Figure 26 — Receiving a spoofed email on hr@sec-consult.com from ceo@sec-consult.com.

However, to keep it simple, we’ll stick to just text.

So, this is cool, but again, that’s not everything! Since the outbound Outlook SMTP server is not only used for emails by outlook.com, but for the entirety of Exchange Online, we can now send emails from every domain that uses Exchange Online to send emails! 

Since this affects LOTS of companies (as later discussed in the SMTP Smuggling Impact section), we can choose our sender domain freely.
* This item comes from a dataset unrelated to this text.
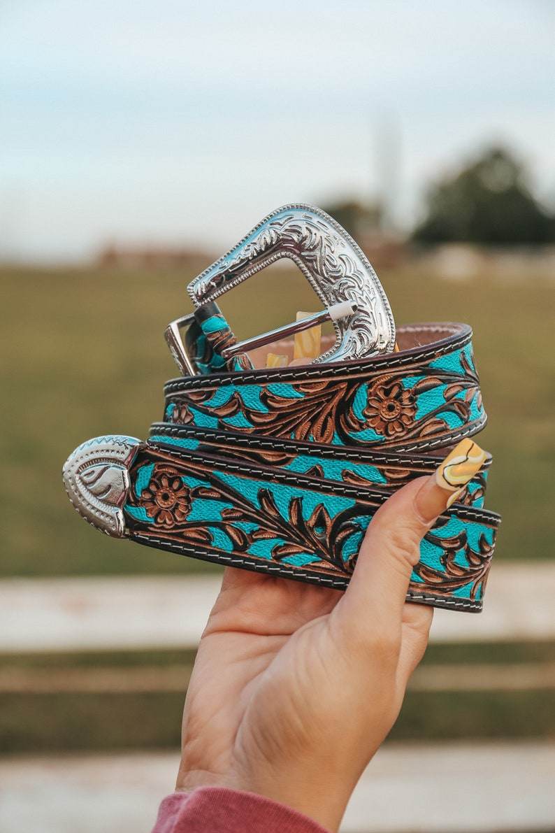 Turquoise adds a pop of pretty color to this leather belt. It has an antique silver-tone buckle which gives it an elegant, old school vibe. The floral pattern etched across the belt lends a delicate look to it.

We can even use sec-consult.com itself! (Figure 26).

Figure 27 — Example message data with exotic end-of-data sequence using a null byte.
Figure 27 — Example message data with exotic end-of-data sequence using a null byte.

As before, the SPF check succeeds with domain alignment, since sec-consult.com uses Exchange Online and the SPF record includes the respective Exchange Online SPF domain spf.protection.outlook.com

Received-SPF: Pass (mx4.atos.net: domain of ceo(at)sec-consult.com 
  designates 40.92.48.103 as permitted sender) 
  identity=mailfrom; client-ip=40.92.48.103; 
  receiver=mx4.atos.net; envelope-from="ceo@sec-consult.com"; 
  x-sender="ceo@sec-consult.com"; x-conformance=spf_only; 
  x-record-type="v=spf1"; x-record-text="v=spf1 
  ip4:40.92.0.0/15 ip4:40.107.0.0/16 ip4:52.100.0.0/14 
  ip4:104.47.0.0/17 ip6:2a01:111:f400::/48 
  ip6:2a01:111:f403::/49 ip6:2a01:111:f403:8000::/50 
  ip6:2a01:111:f403:c000::/51 ip6:2a01:111:f403:f000::/52 -all" 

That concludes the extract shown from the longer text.